7. Print all the multiples of 10 up to 100.

multiples=[] 
for i in range(10, 101): 
    if i%10==0: 
        multiples.append(i) 
print(multiples)

# Output: [10, 20, 30, 40, 50, 60, 70, 80, 90, 100]

8. Fix ModuleNotFoundError and ImportError in Python.

  • First, make sure you are using absolute imports
  • Second, export the project’s root directory to PYTHONPATH

Most modern Python IDEs will do the trick automatically but if this is not the case, I am sure there will be such an option where you’ll be able to define the PYTHONPATH for your Python application (at least PyCharm).
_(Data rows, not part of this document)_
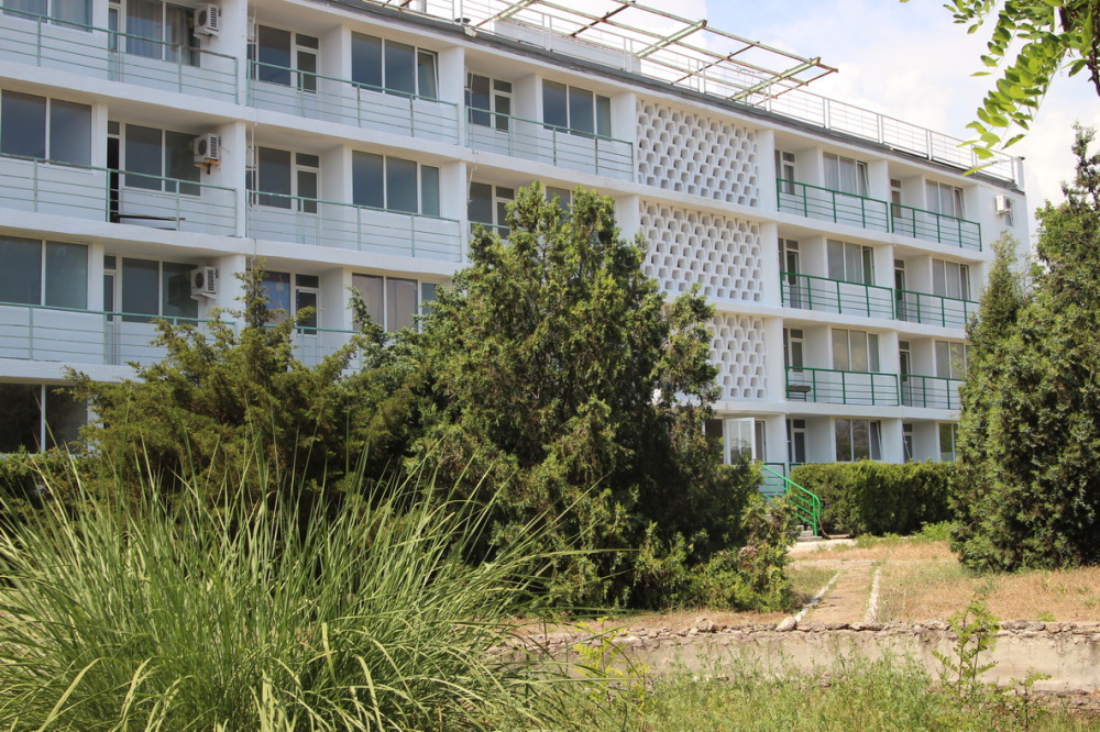 В курортной зоне Евпатории прямо на берегу Черного моря расположен гостиничный комплекс.
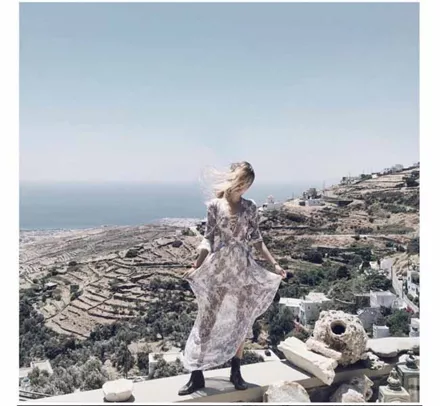 Η Sonya Esman επισκέφτηκε την ανεμοδαρμένη Τήνο και ντύθηκε στα χρώματα του νησιού με μάξι φλοράλ φόρεμα.
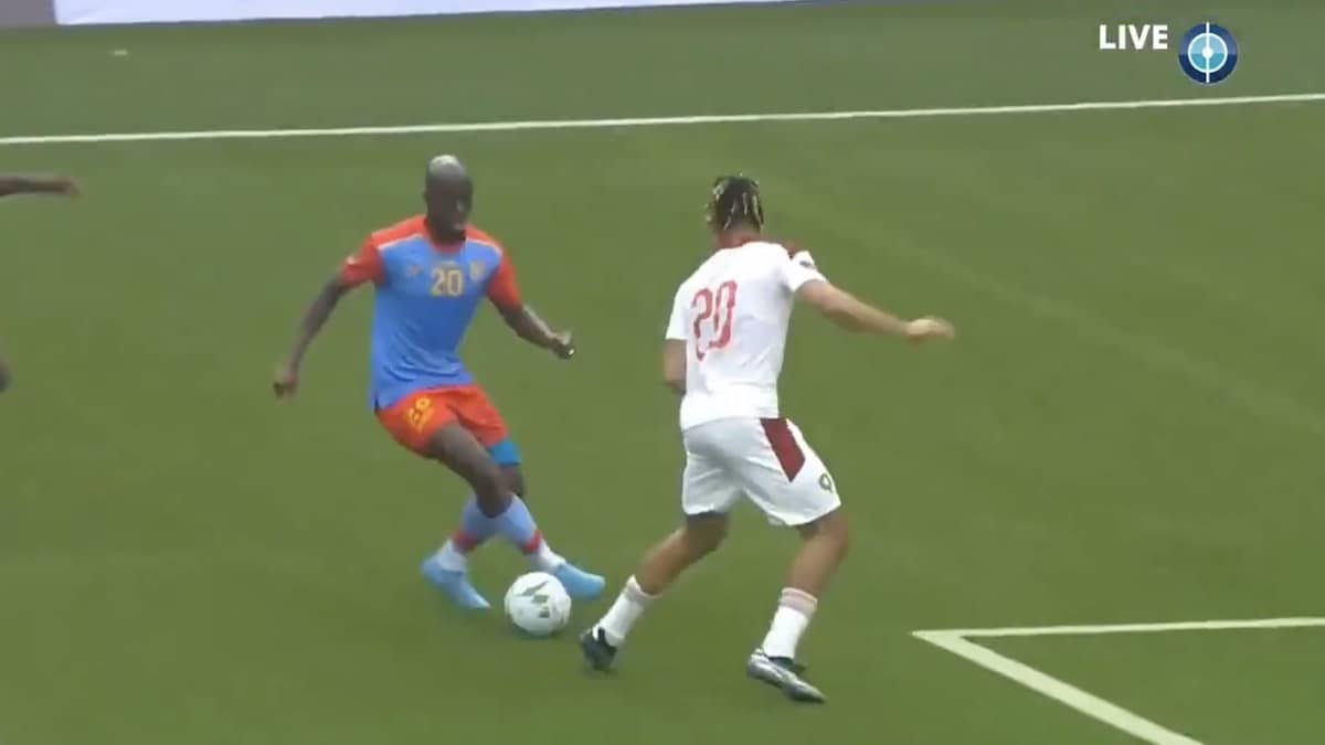 وأرسلت تمريرة طولية نحو أيوب الكعبي على حدود منطقة جزاء منتخب الكونغو الديمقراطية في هجمة مرتدة، رفض تسلمها، وقرر تمهيدها بالصدر داخل المنطقة نحو تيسودالي الذي سددها بلمسة واحدة على أقصى يمين الحرس.
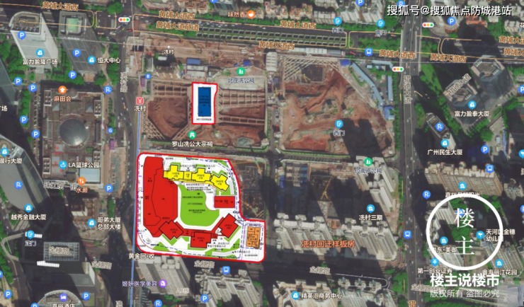 根据规划,项目将建1栋3-4层的商业中心,3栋23层-49层的办公楼,3栋47层高的住宅楼,1所幼儿园,以及和地铁合建的地下商业广场。
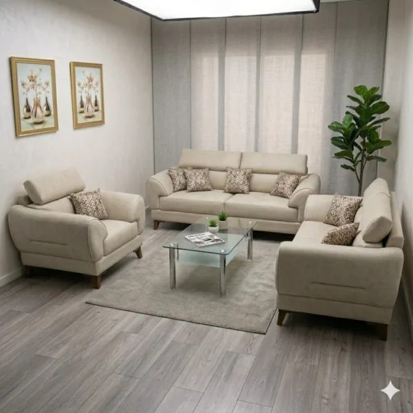 بتصميمه المتوازن وتفاصيله الناعمة، يمنح هذا الطقم إحساسًا بالفخامة دون مبالغة، ويخلق مساحة مريحة مثالية للاسترخاء واستقبال الضيوف.
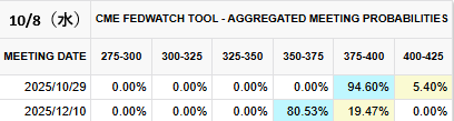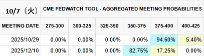 このようにFRB内部でも温度差はあるものの、市場では今月のFOMC(連邦公開市場委員会)で追加利下げが決定されるとの観測が引き続き優勢です。
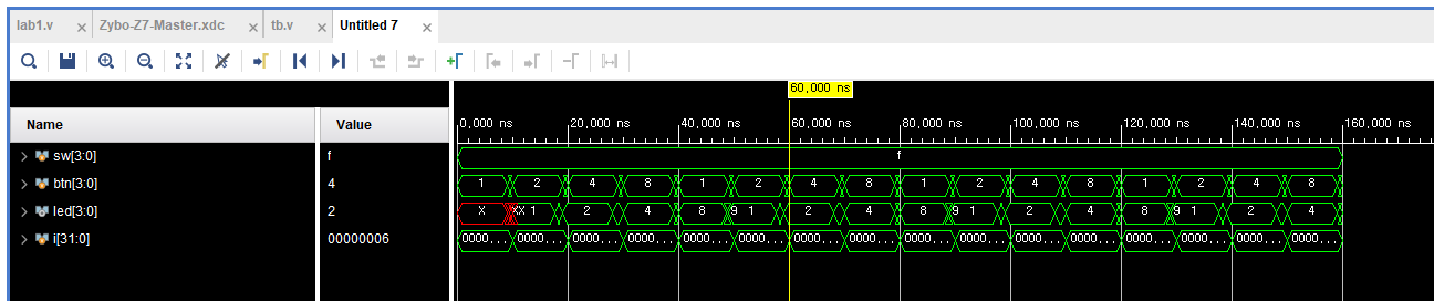10ns마다 btn을 조작해서 led를 조작한다.

If you are running your Python application in another environment like Docker, Vagrant, or inside your virtual environment you can run the below command in your bash:

export PYTHONPATH="${PYTHONPATH}:/path/to/your/project/"
# * For Windows
set PYTHONPATH=%PYTHONPATH%;C:\path\to\your\project\

9. Write methods to separate all files with a specific extension(.csv, .txt) in a directory using Python

  • Method 1
import os
for root, dirs, files in os.walk(directory):
    for file in files:
        if file.endswith(‘.txt’):
            print file
  • Method 2
import os
path = ‘mypath/path’
files = os.listdir(path)
files_txt = [i for i in files if i.endswith(‘.txt’)

Conclusion

Above were some of the most asked questions in a data science interview. There are numerous other examples but the fundamental knowledge of Python is the basic requirement while facing a data science interview. Documentation referencing is also one of the key skills required to get a better working knowledge of the multiple libraries used in the Data Science field.